Home movies’ studies
A unique collection of “home movies” depicting schizophrenic patients during childhood shows that the preschizophrenic children can be distinguished from their siblings, with a high degree of accuracy, by the presence of subtle abnormalities of motor tone and facial expression.23 Retrospective studies have shown that preschizophrenic children have markedly poorer overall social adjustment in childhood than normal controls or children destined to develop affective psychosis.24
Although having an affected relative remains the strongest risk factor for schizophrenia (table 1), there are many prenatal and postnatal risk factors with smaller effect sizes which cannot be ignored. These environmental risk factors may act additively with each other or may indicate the existence of gene environment interactions.25 Birth complications or adverse psychosocial circumstances in childhood may interact with genetic vulnerability to increase the risk of psychosis.26For example, there is a greater risk of schizophrenia among genetically vulnerable children who were placed in poorly functioning adoptive homes compared with those placed in well functioning homes,27 and high risk children reared in a kibbutz had increased rates of schizophrenia compared with those who were reared in family homes.28 In other words, the pathogenic effects of adverse social circumstances appears to increase risk of schizophrenia only in children who have some degree of genetic vulnerability.

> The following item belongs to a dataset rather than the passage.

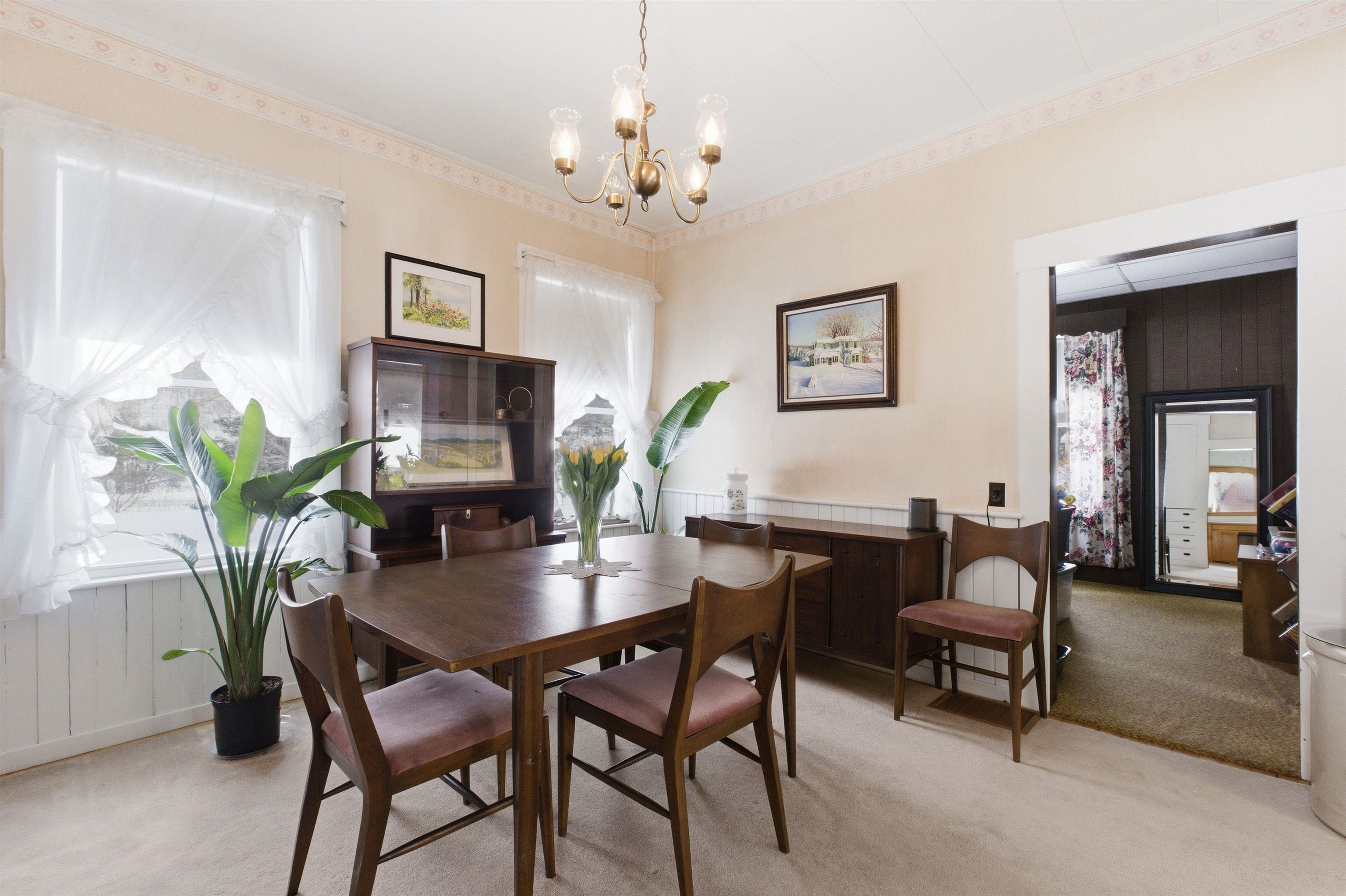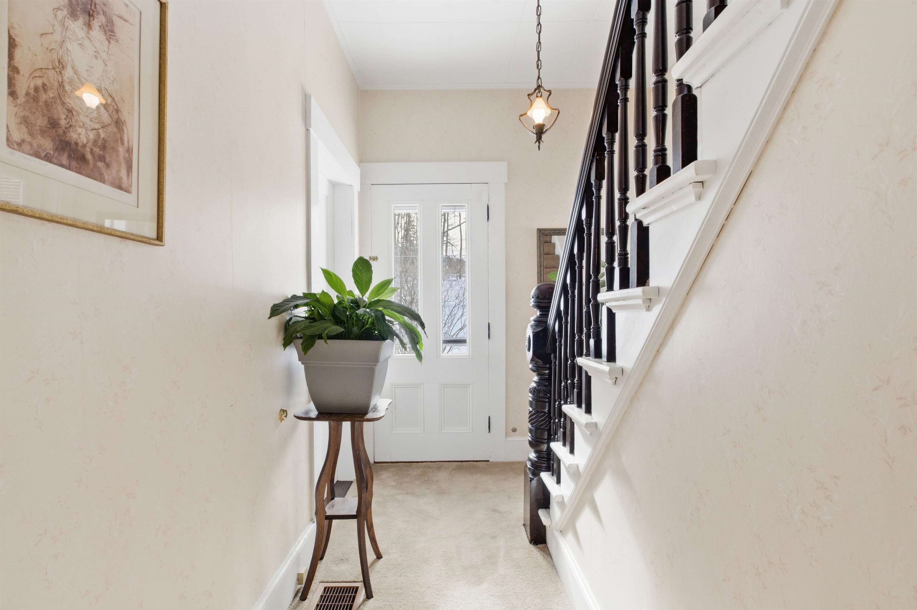 Discover the epitome of timeless Vermont charm in this exquisitely preserved 1890 New Englander, located at 165 Pleasant Street. Crafted by renowned master builder Ray Tewksbury, this rare gem is one of only 22 local examples of his exceptional precision workmanship. Nestled on a serene 0.67-acre lot, the property boasts an effortlessly maintained landscape adorned with fruit trees, majestic maples, vibrant flowering trees, lush flowering shrubs, and colorful annuals. Upon entering, you'll be captivated by the seamless blend of historic character and thoughtful modernizations, creating a warm and inviting atmosphere. The interior features impressive high ceilings, hardwood floors throughout and exquisite built-in shelving. The spacious kitchen is equipped with a practical electric cooktop, ample built-ins, cabinets, and pantry space. The home comes partially furnished, maintaining a “grandmacore” aesthetic. The home also features an updated bathroom, ensuring modern comfort and convenience. Additionally, the mudroom provides a practical space for daily life, complete with additional refrigeration and freezer space. The enclosed porch, currently serving as a radiant sunroom, bathes the space in natural light and offers a versatile area for relaxation or entertainment. The upper level provides four generously proportioned rooms, including three designated bedrooms, featuring 2 cedar closets, allowing for flexible configuration to suit your unique needs. A detached one-car garage with a heated and air-conditioned workspace provides an ideal haven for work, hobbies, projects, or storage. The garage is also equipped with a drain, adding to its functionality. The impressive granite block basement features an authentic root cellar, as well as space for storage and laundry. With its unique blend of historic charm, modern functionality, and natural beauty, this extraordinary property presents a rare opportunity to own a truly one-of-a-kind treasure.

An important clinical implication of the prenatal and neonatal risk factors mentioned in this paper is that some forms of schizophrenia may be preventable. Environmental agents can be more easily manipulated than genetic factors. Avoidance of perinatal hypoxia, nutritional supplemention during pregnancy, and prevention of central nervous system infection in childhood, particularly neonatal coxsackie B infection, may help reduce the incidence of schizophrenia. We are still a long way, however, from testing the efficacy of such measures, or indeed from developing an accurate screening test for schizophrenia. Although children destined to develop schizophrenia in adulthood have been shown to differ from their peers in social and intellectual function, these behavioural and cognitive risk factors are non-specific and cannot be applied to the general population. Close observation of children who are genetically vulnerable to schizophrenia, may prove useful in this regard. Measures such as careful supervision of adoptive or foster home placements, social skills training, protection from stressors, and early referral to psychiatric services could help prevent psychotic breakdown among high risk children. Although definitive evidence for such measures is lacking, early treatment of psychosis has been shown to improve prognosis,29 and studies of prevention in schizophrenia are already underway. In conclusion therefore, study of the neonatal and childhood precursors of schizophrenia allow the possibility of prevention and early intervention in at least some cases of the disorder. Although this research is in its early stages, it may not be necessary to wait until the gene or genes for schizophrenia are discovered to begin reorienting our approach to this devastating illness.
Mary Cannon was supported by a Wellcome Trust research training fellowship in clinical epidemiology.